The speed of A is 20 km/h more than the speed of B. The time that A takes to travel a distance of 300 km is 2 hours less than the time that B takes to travel a distance of 240 km. What is the speed (in km/h) of A?

To solve the problem step-by-step, we will define the variables and set up the equations based on the information given. ### Step 1: Define the Variables Let the speed of B be \( V_B \) km/h.
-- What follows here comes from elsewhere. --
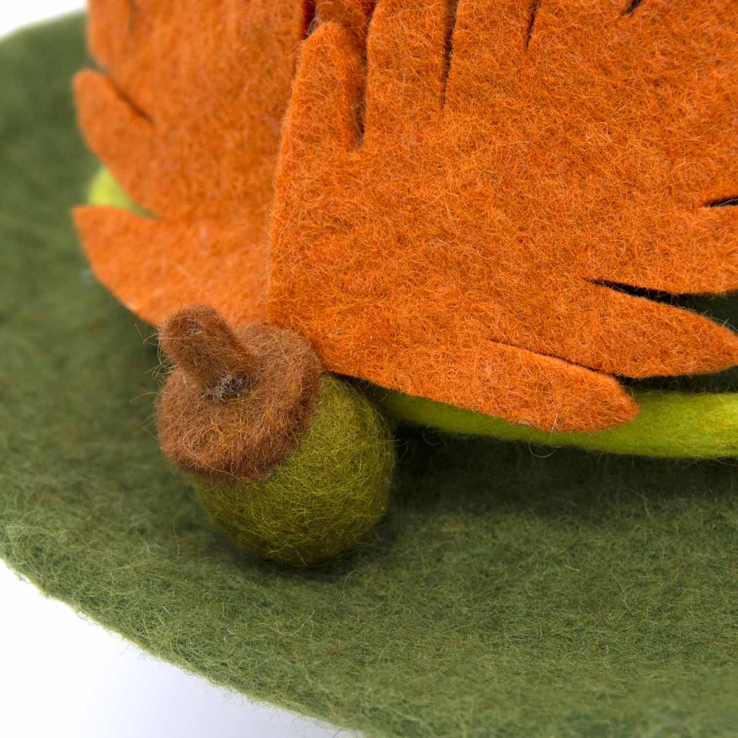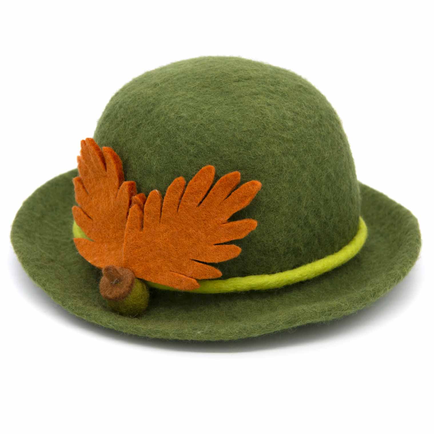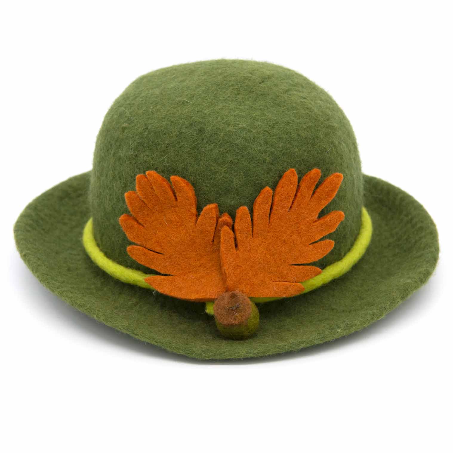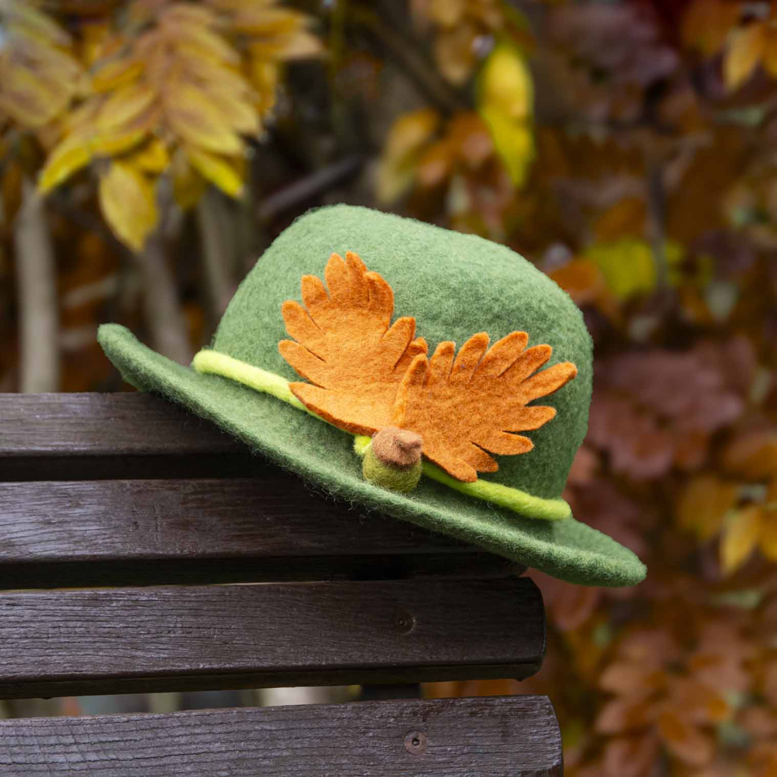 This fantastic felt hat is the perfect addition to your folk festival outfit! The bowler hat style features felted leaves and an acorn to really get you in the folk spirit!

Then the speed of A, which is 20 km/h more than B, can be expressed as: \[ V_A = V_B + 20 \] ### Step 2: Set Up the Time Equations The time taken by A to travel 300 km is given by the formula: \[ \text{Time}_A = \frac{300}{V_A} \] The time taken by B to travel 240 km is: \[ \text{Time}_B = \frac{240}{V_B} \] According to the problem, the time A takes is 2 hours less than the time B takes: \[ \frac{300}{V_A} = \frac{240}{V_B} - 2 \] ### Step 3: Substitute \( V_A \) in the Equation Substituting \( V_A \) from Step 1 into the time equation: \[ \frac{300}{V_B + 20} = \frac{240}{V_B} - 2 \] ### Step 4: Clear the Denominators To eliminate the fractions, we can multiply through by \( V_B(V_B + 20) \): \[ 300V_B = 240(V_B + 20) - 2V_B(V_B + 20) \] ### Step 5: Expand and Rearrange the Equation Expanding the right side: \[ 300V_B = 240V_B + 4800 - 2V_B^2 - 40V_B \] Combining like terms gives: \[ 300V_B = 200V_B + 4800 - 2V_B^2 \] Rearranging terms leads to: \[ 2V_B^2 + 100V_B - 4800 = 0 \] ### Step 6: Simplify the Quadratic Equation Dividing the entire equation by 2 simplifies it: \[ V_B^2 + 50V_B - 2400 = 0 \] ### Step 7: Factor the Quadratic Equation To factor the quadratic equation, we look for two numbers that multiply to -2400 and add to 50. The numbers are 60 and -40: \[ (V_B + 60)(V_B - 40) = 0 \] ### Step 8: Solve for \( V_B \) Setting each factor to zero gives: \[ V_B + 60 = 0 \quad \text{or} \quad V_B - 40 = 0 \] Thus, \[ V_B = -60 \quad \text{(not possible since speed cannot be negative)} \quad \text{or} \quad V_B = 40 \] ### Step 9: Find \( V_A \) Now substituting \( V_B = 40 \) back to find \( V_A \): \[ V_A = V_B + 20 = 40 + 20 = 60 \text{ km/h} \] ### Final Answer The speed of A is: \[ \boxed{60} \text{ km/h} \]